There is a huge negative correlation between gold and interest rates, as well as the US dollar. It’s much easier to hold paper than it is to pay for storage of metal, and I think that’s essentially what you are seeing here. Furthermore, there is a downtrend line that sits just above, and it does look like it is offering a little bit of psychological resistance if nothing else.
Volatility Ahead
At this point in time, I think the market got far too ahead of itself as a lot of people had inferred from the Reserve Bank of Australia only raising 25 basis points that perhaps central banks were going to pivot. However, last night we had seen the RBNZ go ahead and raise 50 basis points, suggesting that the economy is not necessarily starting to make central banks pivot. After all, Australia has a much larger part of its economy that is directly exposed to the housing market, so therefore interest rates are a bigger deal there.

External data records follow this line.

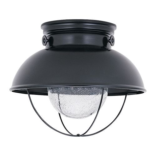 Sea Gull Lighting 886991S-12 Sebring LED Outdoor Ceiling Flush Mount with Clear Seeded Glass Diffuser, Black Finish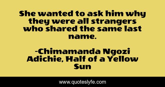 This page presents the quote "She wanted to ask him why they were all strangers who shared the same last name.". Author of this quote is Chimamanda Ngozi Adichie, Half of a Yellow Sun. .
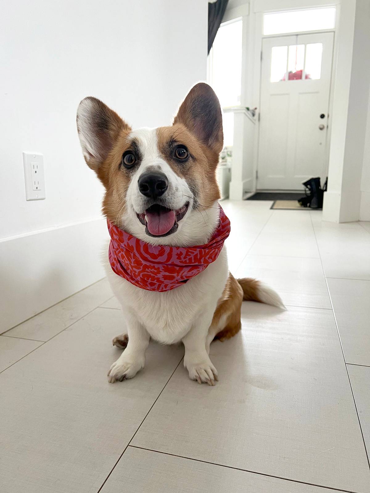 Finley and I started a list about our corgi, Rupert. The little fella is often afraid of things. Like wearing a scarf for the first time: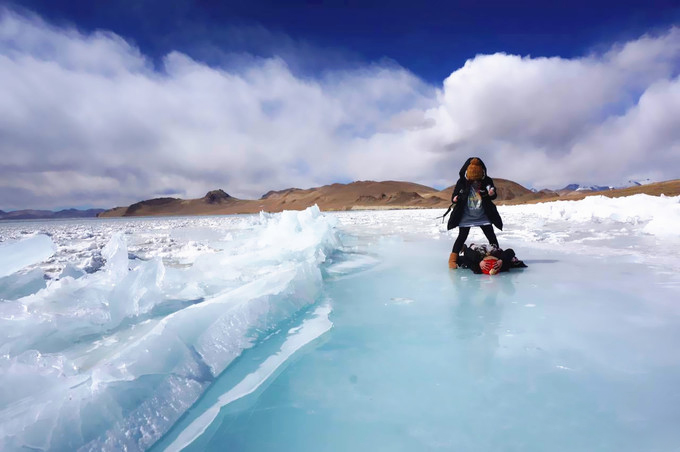 冬季的普莫雍措,也是纪录片《第三极》的取景地,一到12月下旬,湖面开始结出厚厚的蓝冰,并伴随着白色的气泡和冰裂,在四周多座超7000m海拔的包围下,目之所见相当震撼。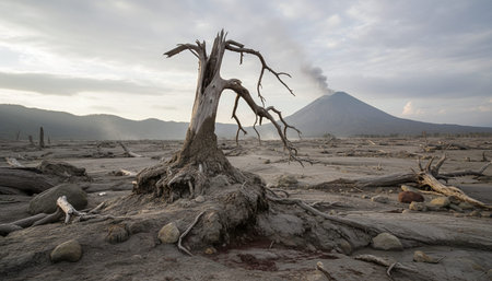 Ash cloud rising at Semeru Volcano Mountain, East Java, Indonesia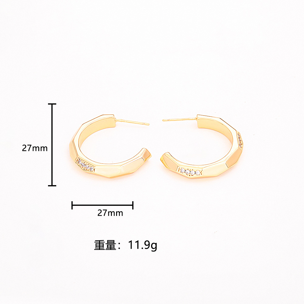 gold c- ring stud earrings (sterling silver needle)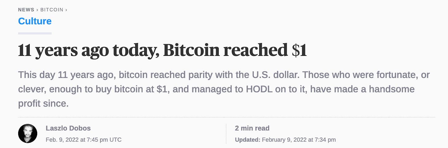 BTC 🪙 Reaches $1: February 9, 2011 (768 Days From Genesis)

The gold market will continue to look at the $1680 level as an important area, as it was a major support level going back several years. However, we have sliced through a couple of times, and sometimes you see this, as a recovery sees a bit of a “throw over” in this situation. The market has gone back and forth quite violently over the last couple of days, so I think we are just trying to build up enough momentum for the next move. With this being the case, I think it’s probably only a matter of time before we see volatility make something break, and in this general pattern, you quite often see the market roll over quite drastically. I have no interest in buying this market, at least not until the US dollar changes its longer-term attitude and momentum.